■ WORK ITEM: The records below are to be copied word for word, with every picture left out.

■ DATASET RECORDS:
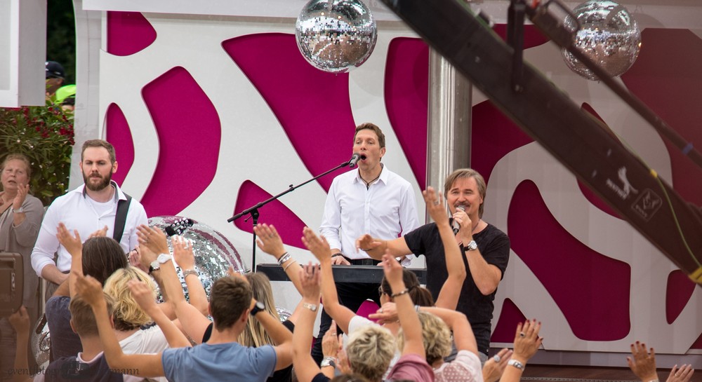ZDF Fernsehgarten 2016 17.7.2016 Lerchenberg Mainz 6500 Besucher waren zum Fernsehgarten am 17.7. gekommen, der unter dem Motto Discofox und Rätsel stand. Viele Schlagerkünstler waren dort, Vanessa May, Alessa, Julia Lindholm, Annmarie Eilfeld, Christina Bach, NikP, Die Amigos, Norman Langen, Olav und Bausch |
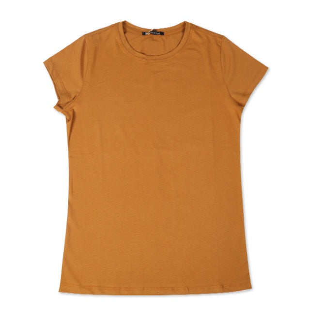 High Quality 18 Color S-3XL Plain T Shirt Women Cotton Elastic Basic T-shirts Female Casual Tops Short Sleeve T-shirt Women 002
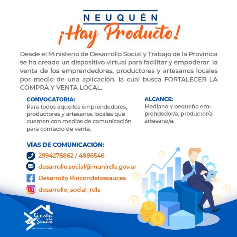 El mismo está destinado para aquellos que cuenten con medios de contactos y con fotografías de sus productos, para integrar una red provincial de exposición de los mismos para la venta.
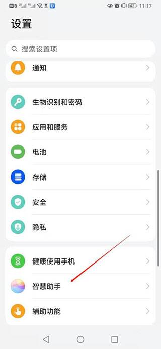 2、点击“设置”进入,找到“智慧助手”
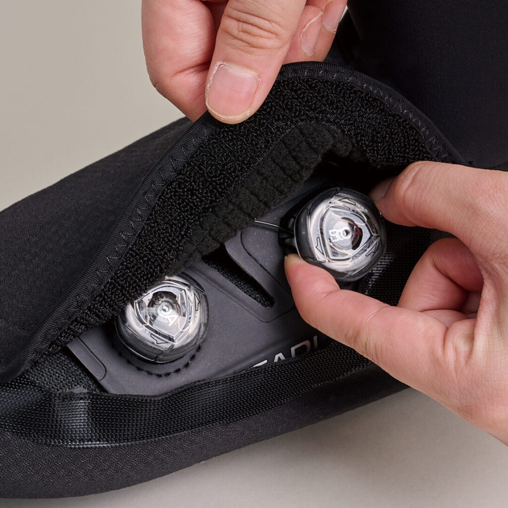 この窓を通して、シューズカバーを着用したまま、BOAダイヤルやバックルなどの調整システムにアクセスできるため、厚手のウィンターグローブを外すことなく、一瞬でフィット感を調整できます。走行中や信号待ちの短時間でも締め付けを微調整できる点が、従来のシューズカバーにはなかった革新性として評価されています。
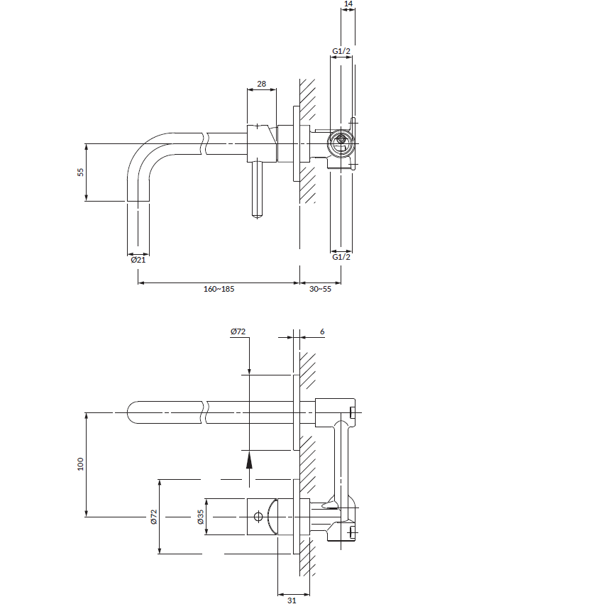 - zasięg wylewki od powierzchni płytek: 18,5 cm
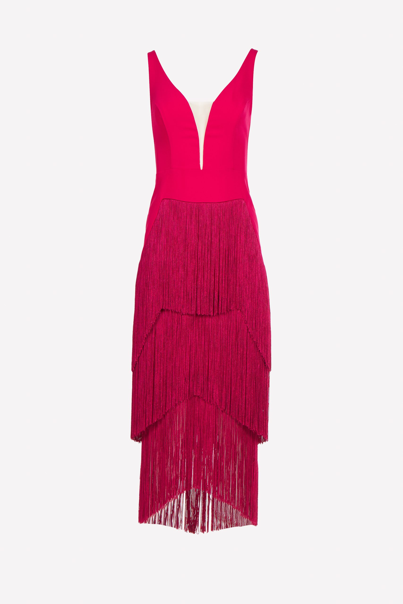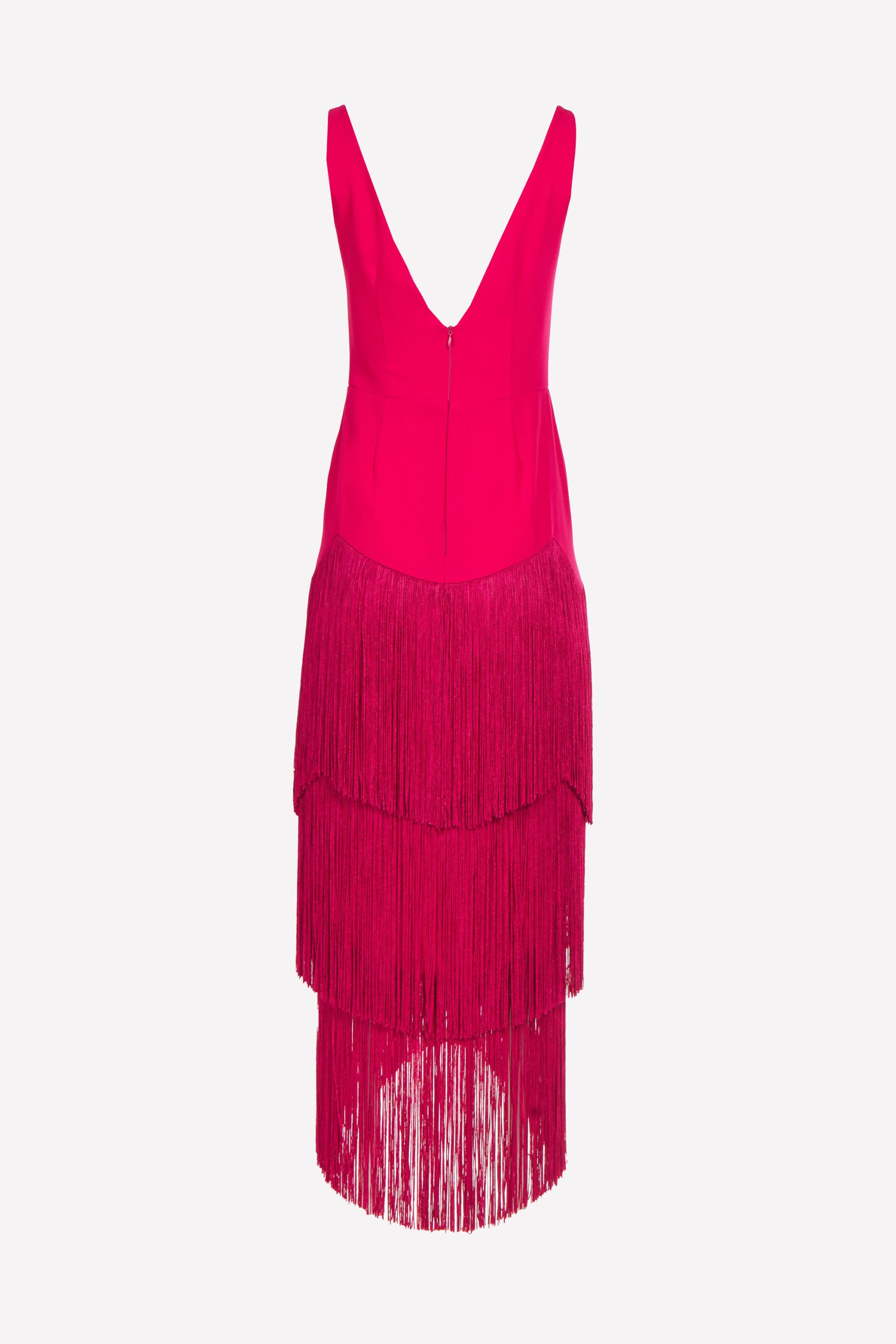 A dress made to move. This vibrant fuchsia midi features a sculpted V-neck bodice that flatters the figure and a skirt adorned with cascading layers of fringe for striking texture and playful rhythm. Perfect for events where you want to dance, dazzle, and turn heads.
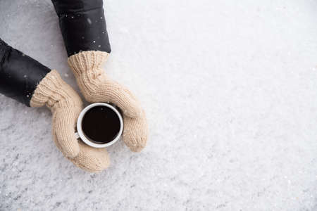 Female hands in woolen knitted gloves holding cup of warm black coffee outdoors on snowy background. Top view of hands and coffee mug

■ WRITTEN ANSWER:
ZDF Fernsehgarten 2016 17.7.2016 Lerchenberg Mainz 6500 Besucher waren zum Fernsehgarten am 17.7. gekommen, der unter dem Motto Discofox und Rätsel stand. Viele Schlagerkünstler waren dort, Vanessa May, Alessa, Julia Lindholm, Annmarie Eilfeld, Christina Bach, NikP, Die Amigos, Norman Langen, Olav und Bausch |
 High Quality 18 Color S-3XL Plain T Shirt Women Cotton Elastic Basic T-shirts Female Casual Tops Short Sleeve T-shirt Women 002
 El mismo está destinado para aquellos que cuenten con medios de contactos y con fotografías de sus productos, para integrar una red provincial de exposición de los mismos para la venta.
 2、点击“设置”进入,找到“智慧助手”
 この窓を通して、シューズカバーを着用したまま、BOAダイヤルやバックルなどの調整システムにアクセスできるため、厚手のウィンターグローブを外すことなく、一瞬でフィット感を調整できます。走行中や信号待ちの短時間でも締め付けを微調整できる点が、従来のシューズカバーにはなかった革新性として評価されています。
 - zasięg wylewki od powierzchni płytek: 18,5 cm
 A dress made to move. This vibrant fuchsia midi features a sculpted V-neck bodice that flatters the figure and a skirt adorned with cascading layers of fringe for striking texture and playful rhythm. Perfect for events where you want to dance, dazzle, and turn heads.
 Female hands in woolen knitted gloves holding cup of warm black coffee outdoors on snowy background. Top view of hands and coffee mug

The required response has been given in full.